Assistiamo quindi al passaggio da politica liberista (alla quale corrisponde uno stato
astensionista, che non aveva un ruolo centrale nei rapporti economici), a una politica
di intervento pubblico (alla quale corrisponde uno stato interventista).

La grande depressione indusse gli economisti a rivedere anche i principi che stavano alla
base dell’economia. In questo senso, fu esemplare il contributo dell’economista inglese
Keynes, che nel 1936 pubblicò la TEORIA GENERALE DELL’OCCUPAZIONE,
DELL’INTERESSE E DELLA MONETA, opera che rivoluzionò le basi della
macroeconomia.
Secondo la teoria economica classica, nel mercato vi era una spontanea propensione
all’equilibrio tra domanda e offerta e quindi la disoccupazione era un fenomeno temporaneo.

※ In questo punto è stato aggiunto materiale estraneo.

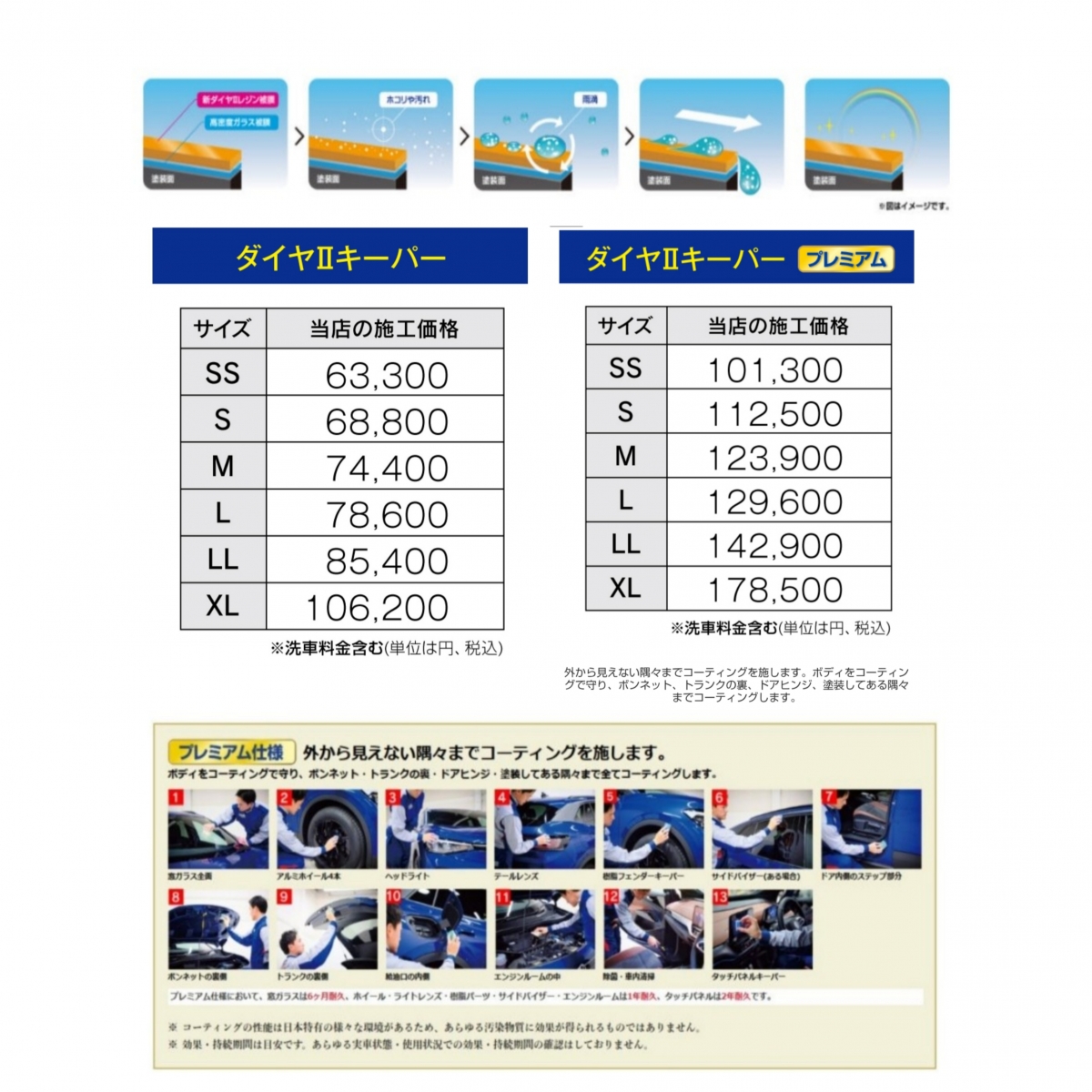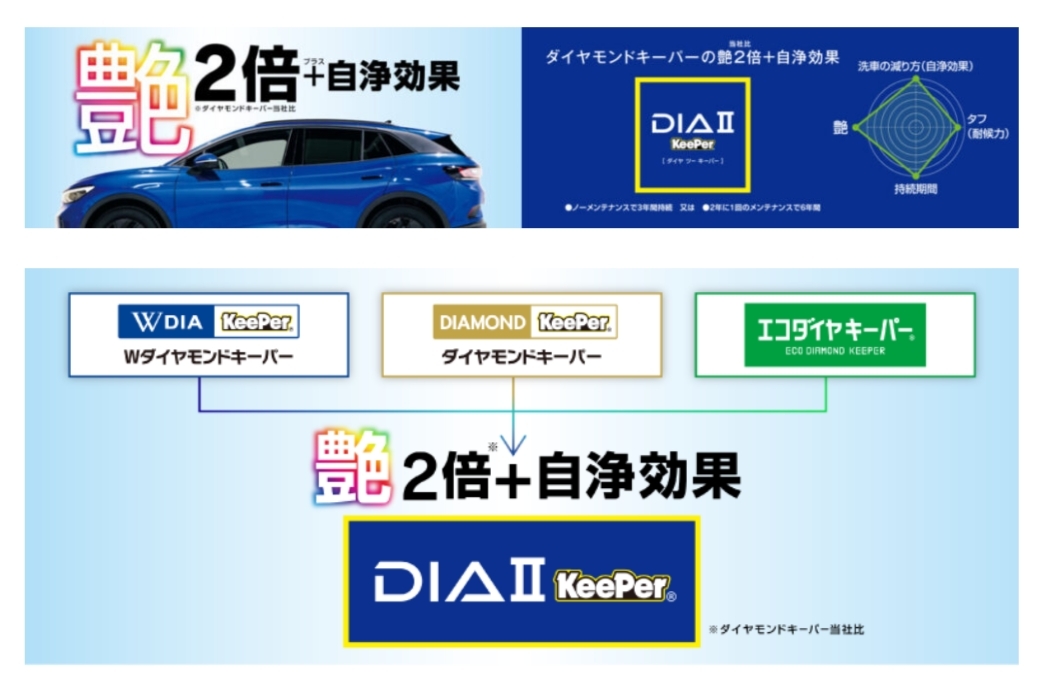 クリスタルキーパーのメンテナンス無しの1年間耐久の手軽さと艶感、そしてECOプラスダイヤモンドキーパーの雨が降れば洗車をしたように綺麗になる性能が加わった、キレイと楽を両立するコーティング。

Per Keynes, invece, il mercato non poteva essere lasciato a se stesso, dal momento che
non vi era questa autoregolazione. La chiave per risolvere questo problema, era
concentrare l’attenzione sulla relazione tra consumo, livello della produzione e
assorbimento della disoccupazione. LO stato poteva intervenire su uno di questi 3
aspetti per poi influenzare anche gli altri due.
Inoltre, era lecito che i governi perseguissero una politica di deficit di bilancio e
aumentassero quantità di moneta in circolazione. Anche se in un primo tempo si assitette ad
un aumento dell’inflazione, queste misure furono indispensabili per rivitalizzare l’economia.

Le teorie di keynes erano in contrasto con la dottrina liberista, ma furono ben presto adottate
da quasi tutti i governi, come quello USA, per risollevare il paese dalla crisi. Inoltre, la
politica adottata da roosvelt avrebbe anche salvaguardato le fondamenta della democrazia:
sotto i colpi della crisi, il popolo americano era sempre più sfiducioso nei confronti delle
istituzioni, e questo fu alimentato anche dai neonati movimenti fascisti e comunisti. Le deboli
istituzioni democratiche, in alcuni paesi come italia e germania, cedettero e al loro posto si
instaurarono regimi politici autoritari e totalitari. Questi ultimi, secondo l’opinione pubblica,
erano l’unica soluzione per fronteggiare la devastante crisi degli anni 30.